Его ничто не радовало, с двух лет он ощущал себя полным сиротой, от которого отказалась мать. Страдания обуревали его нежную душу. Они переходили в глухую злобу, ненависть, даже желание и прямые ­угрозы сжечь дом Барнабы Смита вместе с его обитателями. А иногда он думал о том, что лишь смерть может прекратить его тоску и страдания. И жаждал смерти.

Исаак был сдан на руки пятидесятилетней бабушке... Но — странное дело! — в то время как у обычных детей именно с бабушками связаны самые сладкие воспоминания детства, Исаак никогда не обнаруживал особой нежности к своей прародительнице. Даже ее смерть оставила его безучастным. Видимо, никто так и не смог заменить ему отца и мать. Его личность была сломлена, и многие исследователи творчества Ньютона приписывают ему, и не без оснований, свойства крайнего нев­ротика.

Молодому Ньютону не суждено было подружиться ни с кем из ребятни, никогда не бегал он в веселой ватаге, не был участником шумных детских игр.

Так началось его одиночество — от рождения и до смерти.

Величайшая трагедия Ньютона — именно это вселенское одиночество, космическая отчужденность, кафкианская «нора». Отсюда — многие другие особенности его характера, такие как недоверие к другим, подозрительность, ипохондрия, тревога, страх, жадность. Он уходил в свое одиночество, забивался в «студию-нору», упивался комплексом изоляции, но тот же комплекс заставлял его чутко вслушиваться в «мировое зло», обнаруживать у себя всевозможные хвори, ждать неведомой опасности. Я не случайно упомянул Н о р у Ф. Кафки — чувства и словарь героя этого ошеломляющего произведения полностью содержатся в тетрадях молодого Ньютона, тот же мир тревоги, обреченности, разрушения, отчаяния: «я сломан», «дом скоро упадет», «я боюсь», «это тревожит меня», «он причинит мне зло», «меня одурачат», «что станет со мной?», «пора покончить со всем этим», «я не способен ни на что, кроме слез», «я не знаю, что мне делать».

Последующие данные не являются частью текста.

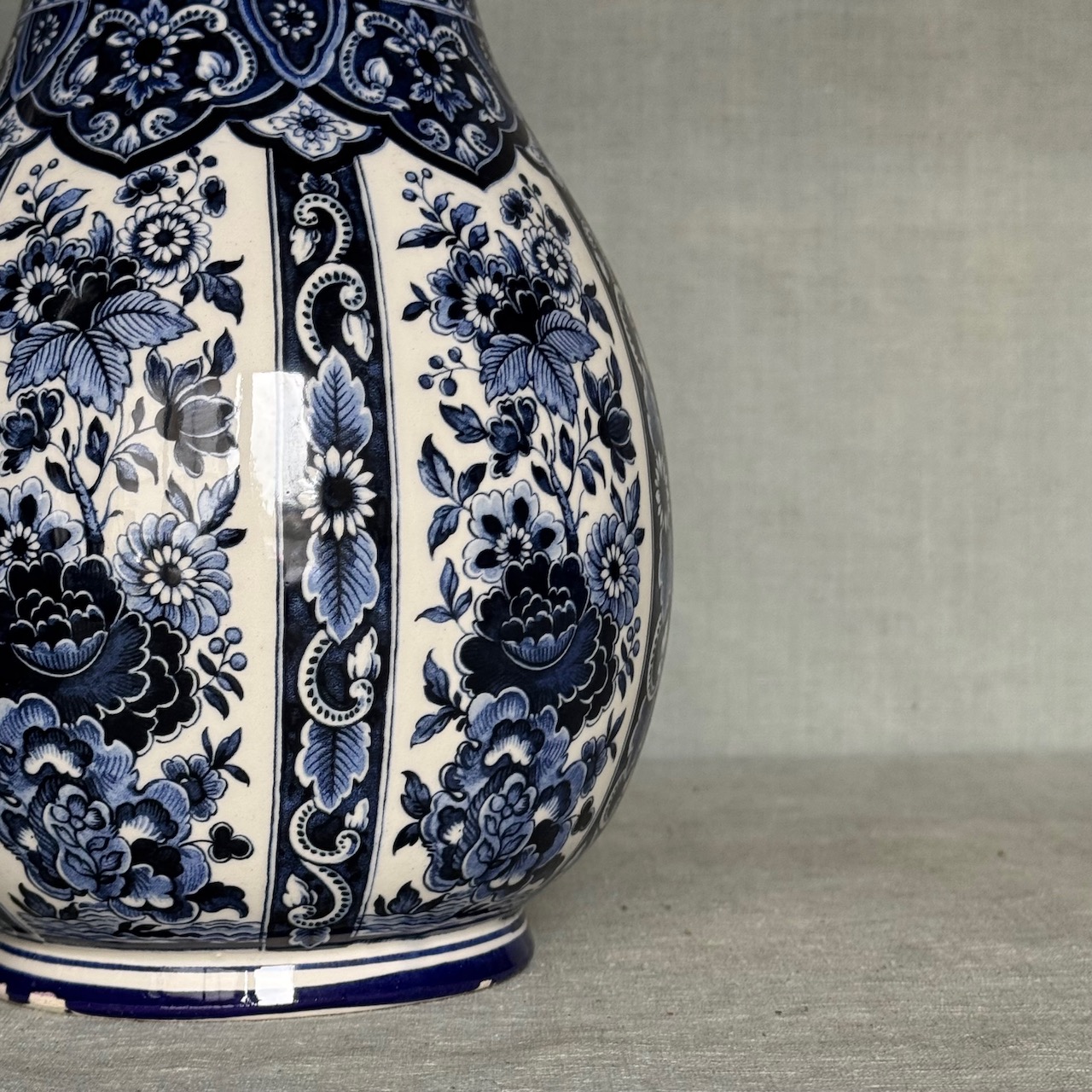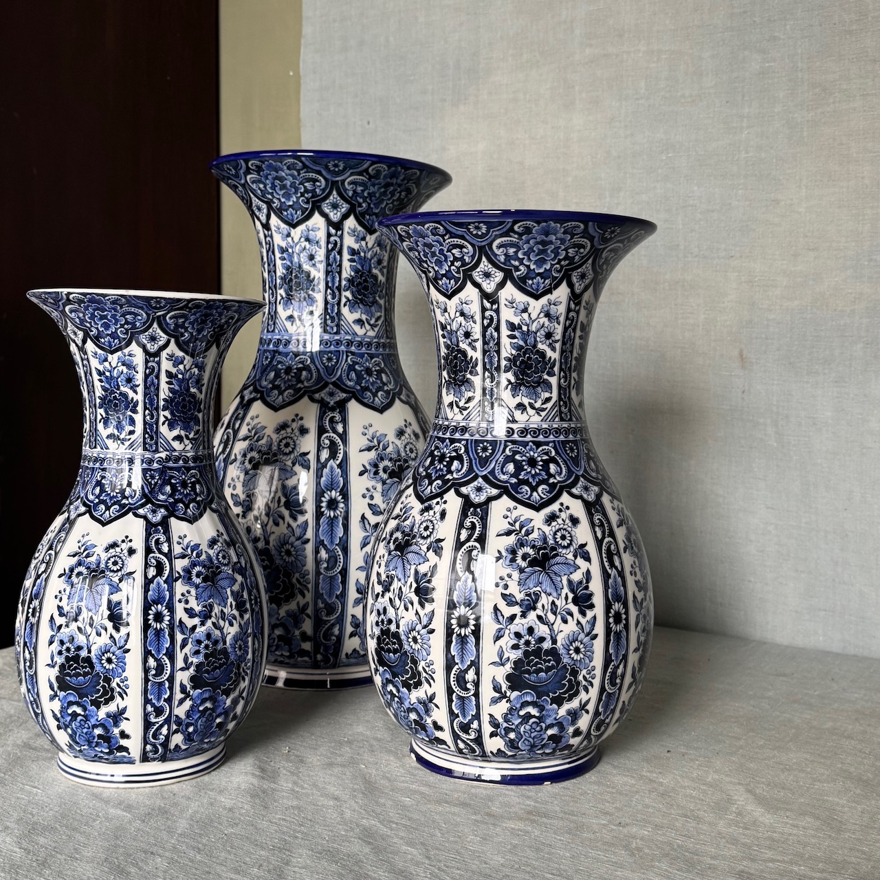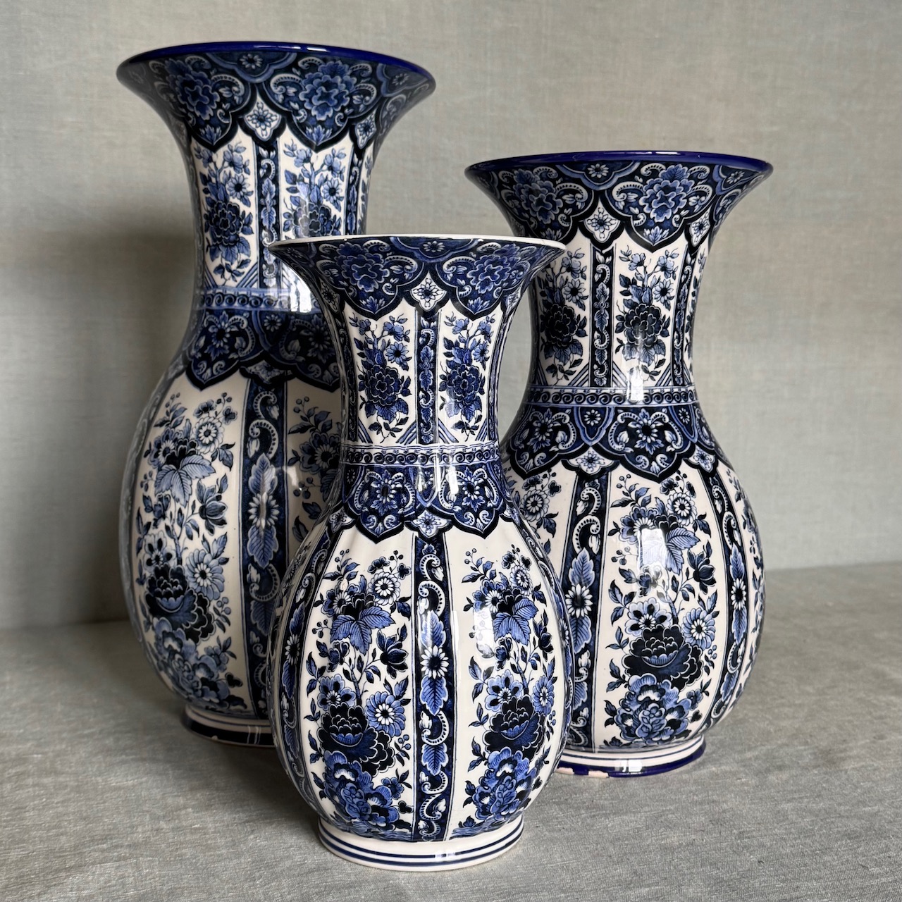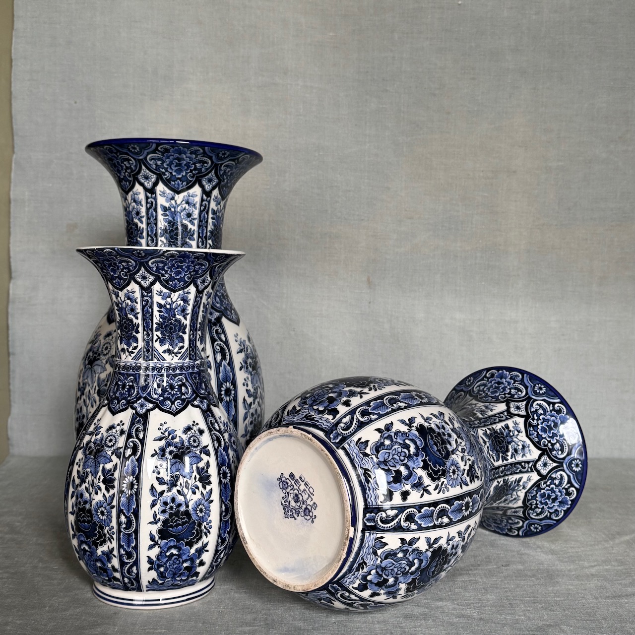 Collezione vasi porcellana bianco blu cobalto Delft, motivo floreale chinoiserie. Olanda, sec. XX

Фрэнк Мануэль, выудивший все эти сентенции из латинских упражнений Ньютона, поражается тому, что здесь совершенно отсутствуют позитивные чувства. Никогда не появляется, например, слово «любовь». Почти нет выражений радости, желания. Страсть звучит в упражнениях лишь тогда, когда речь идет о ростбифе. Здесь — мир отрицания и за­прещения, наказания и одиночества.

Хотя со временем Ньютон частично освободился от своих страхов, состояние отчаяния, затравленности, изолированности редко покидало его. Даже необходимость отстаивать свои взгляды, доказывать верность собственных идей оборачивалась приступами беспокойства и душевными травмами. Бесконечные споры, в которые — вполне естественно — втягивался человек, меняющий парадигму, мировоззрение своего времени, отрицательно сказывались на характере Ньютона, делая его еще более подозрительным, скрытным и недоброжелательно-беспощадным к коллегам. Встретив дружную оппозицию своей первой статье со стороны Гюйгенса, Гука, Парадиза, льежских иезуитов, Ньютон стал воспринимать мир состоящим из врагов. Он чувствовал себя отверженным, изолированным, отчаявшимся, затравленным человеком. О неадекватной реакции на вполне естественную критику свидетельствует письмо Ньютона Ольденбургу о выходе из числа членов Королевского общества (1673) в знак протеста против высказанных в его адрес замечаний, отказ от дальнейшей публикации своих трудов и темпераментное, хлесткое письмо Лукасу (1677) с отказом от каких-либо дискуссий:

Может ли один человек заставить другого ввязаться в диспут? Почему я обязан удовлетворять Вас? Кажется, Вы считаете, что и этого недостаточно — бесконечно предоставлять возражения, покуда Вы не сможете убить меня моей неспособностью ответить на все вопросы или же покуда я не стану достаточно нахален, чтобы не доверять Вашему собственному суждению в выборе наилучшего возражения. Откуда Вам известно, что я не считаю их слишком слабыми для того, чтобы требовать ответа и, лишь уступая Вашей настойчивости, собрался ответить на одно или два из лучших возражений? Откуда Вы знаете, какие иные причины, продиктованные благоразумием, могли заставить меня уклоняться от со­ревнования с Вами? Но я предпочту не объяснять этих вещей подробнее, поскольку не считаю Вас подходящим для дискуссии субъектом...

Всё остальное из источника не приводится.